I read there was no difference and ripped all of my disc to flac. I never bothered to test. Yesterday, a friend played several different files of the same CD, one wav the other flac. To my surprise, I could hear the difference for most of the recordings. On one, I could not for whatever reason. The flac had both a loss of detail and "air." I should have asked my friend before I started to rip. It would have save me some time.
Admittedly, it is a subtle difference and takes a very revealing playback system to show the differences, which are pretty much as you describe.
As I mentioned originally, it's NOT a problem with FLAC at all, as a FLAC file will uncompress to its exact original WAV. It's only when the FLAC is played back in real time with a plugin in most players, Foobar, Media Center 17, many others.

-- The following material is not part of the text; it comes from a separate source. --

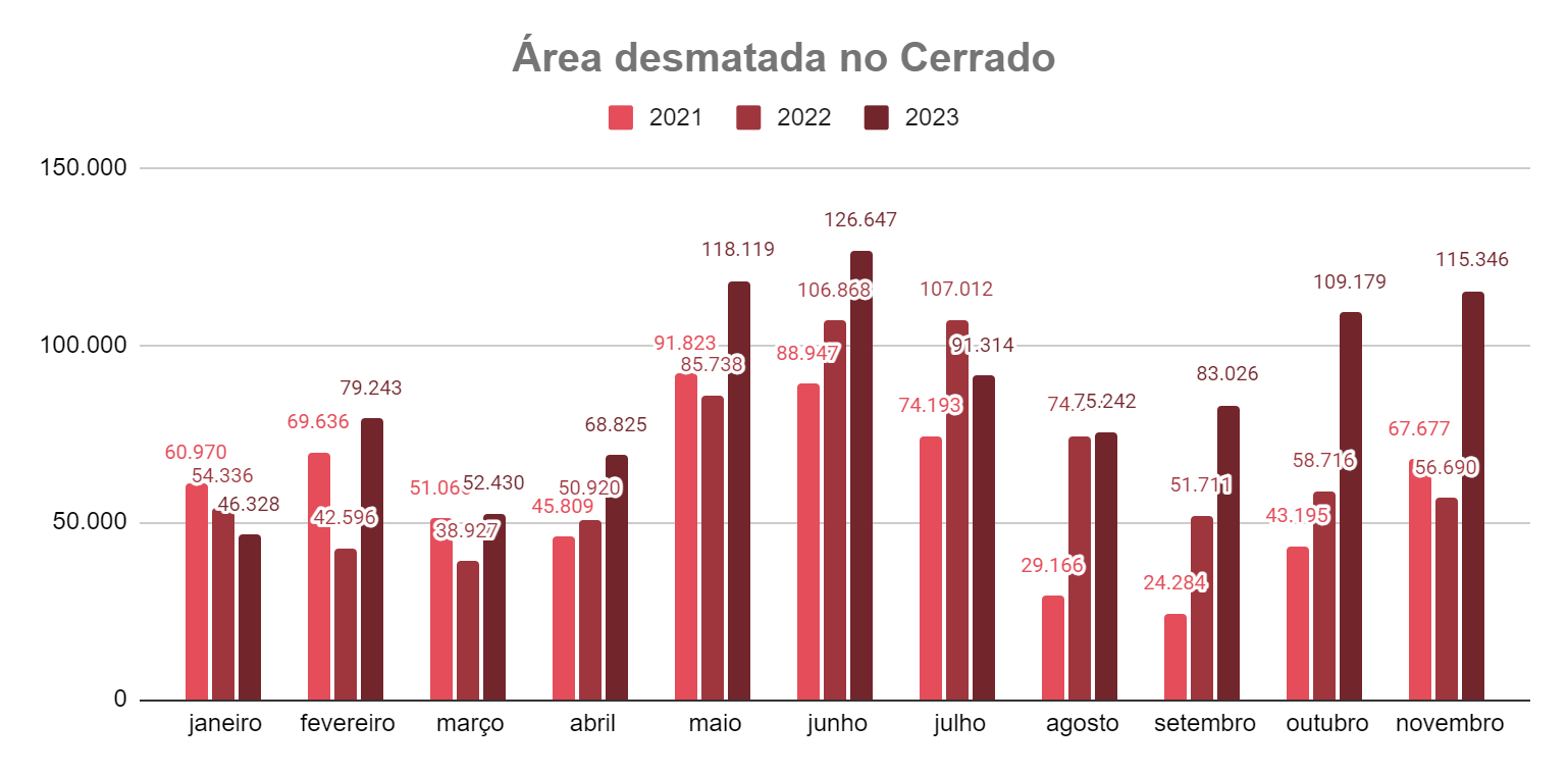 No cerrado baiano, o aumento nesse mês de novembro chegou a 671%, passando de 2,4 mil hectares desmatados em novembro de 2022 para 18,9 mil hectares em 2023. Já no Piauí, onde foram desmatados 18,1 mil hectares, o aumento foi de 259%. No Maranhão, estado que liderou o desmatamento em novembro, o crescimento foi de 131% e 32,7 mil hectares desmatados, enquanto o Tocantins aumentou seu desmatamento em 74%, chegando a 22,8 mil hectares perdidos.

And it's not something you'd be able to hear on an iPad or iPhone as mentioned in some articles.
When I first heard people talking about this I was positive there could not possibly be a difference (playing a FLAC vs WAV in real time). But when I actually tried it and really listened, it was quite apparent.
Although it's a lot less convenient, I use JPlay Mini, which decompresses the FLAC first, and then loads the tunes into a system buffer. On this player playing FLAC sounds just like the WAV equivalent as heard in other players (or itself). JPlay can also be used as a player type in JRiver's fine Media Center 17 software.
If you're just casually listening as I am right now, the differences aren't bothersome, but they are definitely there. I store everything in FLAC and uncompress it either with JPlay or manually before serious audition.